TDB Genel Merkez Yönetim Kurulu açıklamasında şöyle devam etti. 'Ağız sağlığını küresel çapta tehdit eden 3.önemli hastalık ise ağız kanserleridir. Erkeklerde ağız kanseri görülme sıklığı %6,3 oranındadır. Ağız kanserleri; ağız boşluğunun yumuşak dokularında şişme, kanama, ağrı, yutma güçlüğü ve ülserasyonlar ile ilk belirtisini veren kötü huylu tümörlerdir. Ağız kanserleri en sık görülen kanserler arasında ilk 10 içerisinde olup, tütün ve alkol tüketimi ile doğru orantılı olarak artmaktadır. Ağız kanseri teşhis edilen vakaların %75'i sigara kullanan bireylerden oluşmaktadır. Dişeti hastalıkları kardiyovasküler hastalıklara yakalanma riskini arttırırken, yine kontrol altına alınmayan periodontal doku hastalıklarının erken doğum ve düşük kilolu bebek doğum oranını arttırdığı bilinmektedir. Ağız bakterilerinin ise mide ülserasyonları oluşturan bakterilere depo görevi yaptığı yapılan çalışmalarla gösterilmektedir. Ayrıca oral patojen bakterilerin artrit (iltihabi eklem hastalıkları) ile de yakından ilişkili olduğu bilinmektedir. Sağlıklı dişlere sahip olmak kişinin kendine güvenini olumlu biçimde etkilemekte iken, dişsizlik; kişinin estetik ve ağız fonksiyonunu bozarak ruhsal durumunu olumsuz şekilde etkilemektedir. Yani ağız sağlığı ile genel sağlık ilişkisi sadece kişilerin fiziksel sağlığı ile değil, ruhsal sağlığını ve refahını da bir arada içeren kapsamlı bir ilişkidir. Bu ise ağız sağlığı olmaksızın tam bir 'sağlık ve iyilik' durumunun mümkün olamayacağını göstermektedir. Diş ve dişeti hastalıklarının kişinin genel sağlığına verdiği fiziki ve ruhsal zararın yanı sıra sağlık harcamalarını da arttırdığı bir gerçektir. Sağlığın temel felsefesi bireyleri hastalıklara karşı korumaktır. Koruyucu ve önleyici sağlık hizmetleri sağlık anlayışımızın temel değeri olmalıdır. Bu bağlamda bireyler sadece düzgün fırçalama ve diş ipi kullanma, şekerli yiyecekleri kesme, sağlıklı yemek yeme ve kontrol için 6 ayda bir için dişhekimini ziyaret ederek, iyi bir ağız sağlığına sahip olabilirler' diye ifade etti.
TEKNOLOJİ DİŞHEKİMLİĞİNDE DEVRİM YARATIYOR...

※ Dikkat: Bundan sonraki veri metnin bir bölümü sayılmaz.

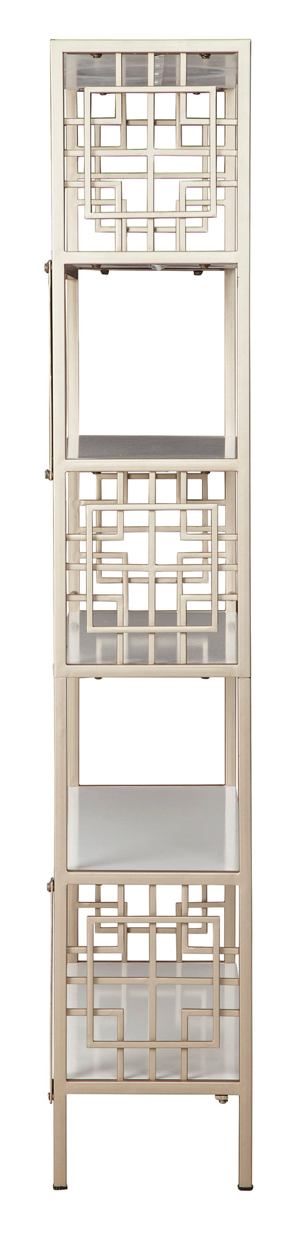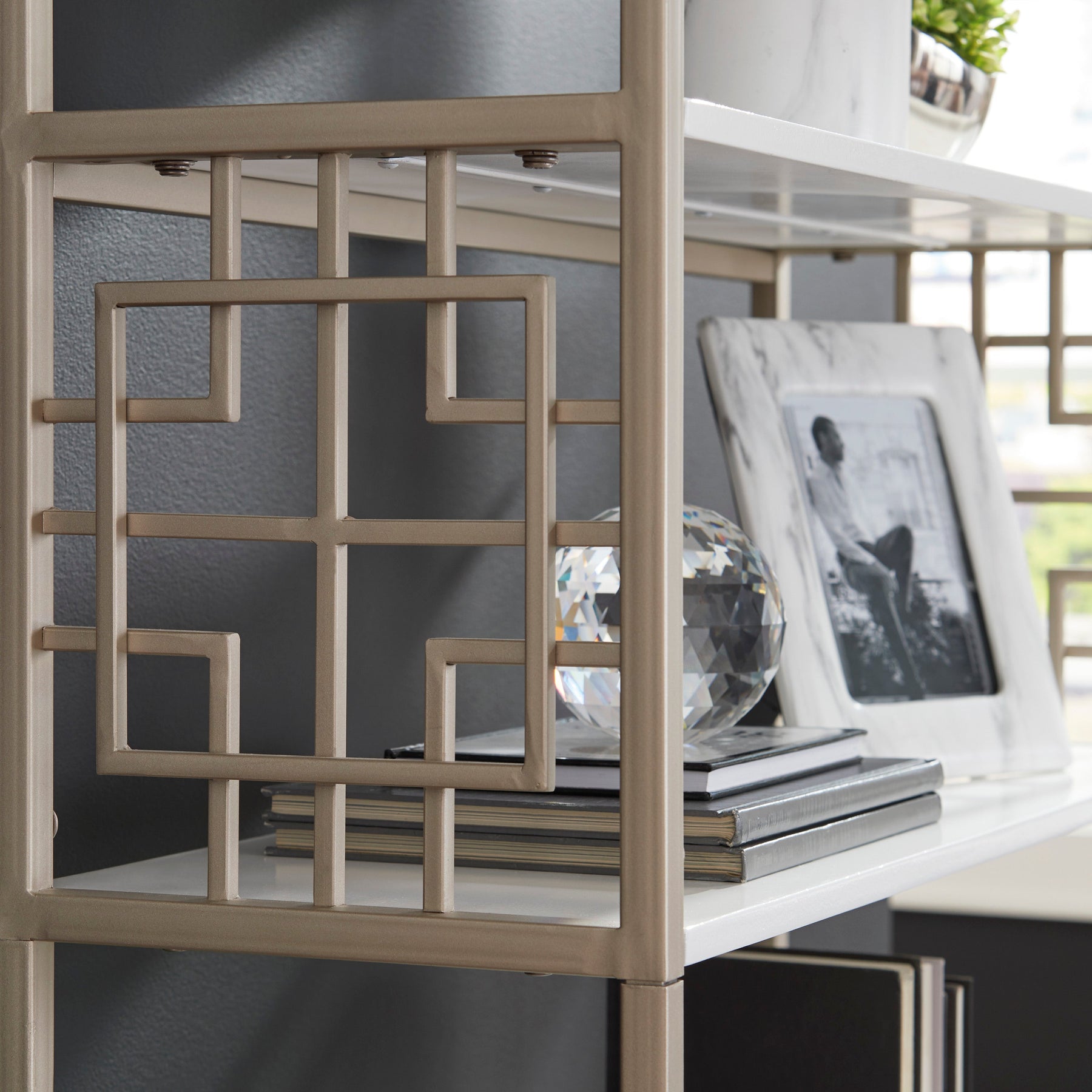 Showcase your book collection or decorative pieces with this dynamic bookcase. The geometric metal designs in a champagne finish that line the sides of the bookcase add the contemporary feel you are looking for. The six fixed shelves in a white finish provide the perfect amount of display or storage space.
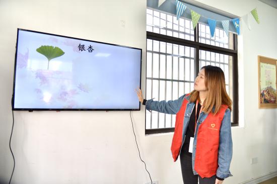 (志愿者们向孩子们说明作画步骤)
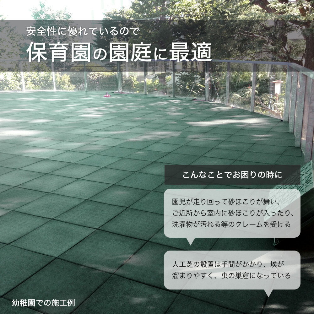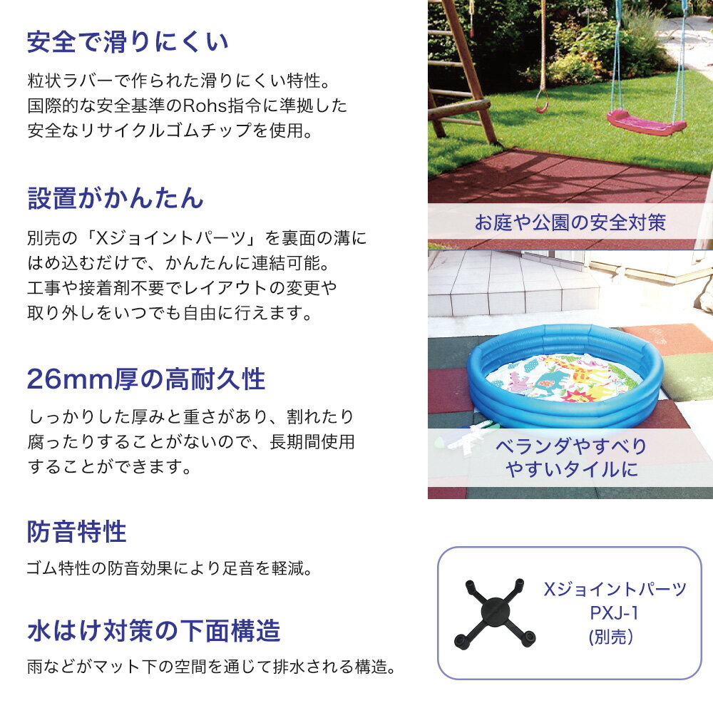 ゴムマット セーフティーマット ジョイントラバーマット 4枚セット 安全マット 50cm×50cm×2.6cm 屋外 庭 ゴムチップマット タイル DIY公園 広場 遊び場 保育園 幼稚園 園庭 ホームセンター 販売中 庭でバスケの練習用 バスケットボール練習用 プロテック ▼▼連結に必要なジョイントパーツはこちら▼▼ Xジョイント専用ジョイントパーツ Xジョイント専用くの字型ジョイントパーツ 公園や運動場などの公共施設、幼稚園・保育園の園庭、ご自宅の玄関、 お庭、ベランダ・バルコニーに簡単に連結して設置出来る上部で滑りにくゴムマット 【滑りにくい】 粒状ラバーで作られた滑りにくい特性 国際的な安全基準のRohs指令に準拠した 安全なリサイクルゴムチップを使用 【設置がかんたん】 別売りの「Xジョイントパーツ」を裏面の溝に 工事や接着剤不要でレイアウト変更や 取り外しをいつでも自由に行えます。 【設置がかんたん】 別売りの「Xジョイントパーツ」を裏面の溝に 工事や接着剤不要でレイアウト変更や 取り外しをいつでも自由に行えます。 【26mm厚の高耐久性】 しっかりした厚みと重さがあり、割れたり 腐ったりすることがないので、長時間使用することができます。 【防音特性】 ゴム特性の防音効果により足音を軽減。 【水はけ対策の下面構造】 雨などがマット下(裏面)の空間を通じで排水される構造。 ▼関連ワード▼ ゴムマット / ラバーマット / ジョイントマット / ジョイントゴムマット / 屋外 / 滑り止め / 滑り止めマット / 公園 / バスケットボール / 庭のバスケ練習用 / 幼稚園 / 保育園 / 安全 / 防音 / 転倒防止 / グリーン / 緑 / レッド / 赤 / ブラウン / 茶色 / ベージュ / グレー / イエロー / 黄色 /ゴムマット セーフティーマット ジョイントラバーマット 4枚セット 安全マット 50cm×50cm×2.6cm 屋外 庭 ゴムチップマット タイル DIY公園 広場 遊び場 保育園 幼稚園 園庭 ホームセンター 販売中 レッド グリーン ライムイエロー ベージュ プロテック Xジョイント専用ジョイントパーツ Xジョイント専用くの字型ジョイントパーツ 【ご注意事項】 ・連結するには併売中の「Xジョイントパーツ」が必要になります。 ・出荷時は剥離剤が塗られているため透水性が低い場合があります。 剥離剤は自然と薄くなりますが、洗剤で一度洗いますと透水性が高まります。 ・掲載画像の色味は、実際の商品と異なる場合がございます。 ・裏面等に製造時に付いた黒いチップが付着している場合がありますが、 使用上全く問題ございません。 ・従来品のエックスジョイントマット(PXR-525)とはサイズ、高さ、色味、重さが 異なります。PXR-525をお求めの方はお問い合わせよりご相談ください。 ■ 10セット以上まとめてご購入される場合は、在庫数や配送料の確認の都合上、 ご注文前に当店へご連絡頂きますようお願いいたします。

'Bu anlamda diş ve dişeti hastalıklarının önlenebilir hastalıklardan olduğu gerçeğinden hareket ederek; toplumun bilgilendirilmesi ve ağız-diş bakımı konusunda alışkanlık oluşturulması konusunda karar vericilere (siyasi aktörlere), sağlık alanındaki meslek kuruluşlarına, eğitim kurumlarına, gönüllü sağlık kuruluşlarına ve sağlık endüstrisine sorumluluklar düşmektedir. Başta merkezi yönetim olmak üzere; yerel yönetimler, dişhekimliği fakülteleri, sağlık meslek birlikleri, sivil toplum kuruluşları ve sağlık endüstrisi vb yapılar ağız ve diş sağlığının iyileştirilmesi konusunda mevcut ürün ve süreçlerde önemli teknolojik yeniliklerin ağız sağlığının geleceğini şekillendirmedeki rolünü tartışarak gerçekçi ve sürdürülebilir projeler üzerinde çalışmalıdırlar' şeklinde ifadelerde bulunan TDB Genel Merkezi teknolojinin dişhekimliğinde ki yerini de şöyle anlattı. 'FDI, 2022 Ağız Sağlığı haftasındaki kampanyalarıyla, sağlıksız bir ağzın duygusal, sosyal, zihinsel ve genel fiziksel refah gibi hayatın her alanını ciddi şekilde etkileyebileceğini vurgulamaktadır. Kalıcı dişlerdeki çürüklerin dünya çapında en yaygın hastalık olması nedeniyle genel kamu, hükümetler ve politika yapıcılar ve diş endüstrisi gibi paydaş grupların birlikte hareket etmesi ve küresel olarak yaklaşık 3,5 milyar insanı etkileyen ağız hastalıklarını ele alması bir gerekliliktir. Günümüzde yeni teknolojiler dişhekimliğinde devrim yaratıyor, dişhekimlerinin çalışmalarını kolaylaştırıyor, hasta deneyimlerini geliştiriyor. Sağlık sistemlerini ve ekonomileri etkileyen ağız hastalıklarının küresel yükünü azaltmaya yardımcı olmak için tüm ağız diş bileşenlerinin ortak hareket etmelerini istiyoruz. Genel sağlıkta esenlik ve yaşam kalitesi için iyi bir ağız sağlığı şarttır. İnsanların ağızlarıyla gurur duyabilmeleri için ağız hastalıklarının önlenmesi, erken teşhisi ve bakımından ağız sağlığının geleceğini şekillendirmek üzere dişhekimlerinin strateji, teknoloji ve diğer enstrümanlara bakış açılarının gelişmesi bağlamında sürekli eğitime önem verilmelidir. Türk Dişhekimleri Birliği ve Dişhekimleri Odaları olarak ağız diş sağlığı politikaları üretme ve hayata geçirmede tüm bileşenlerle ortak çalışmaya, üzerimize düşeni yapmayı dün olduğu gibi bugün de hazır olduğumuzu kamuoyunun bilgisine sunarız' dedi.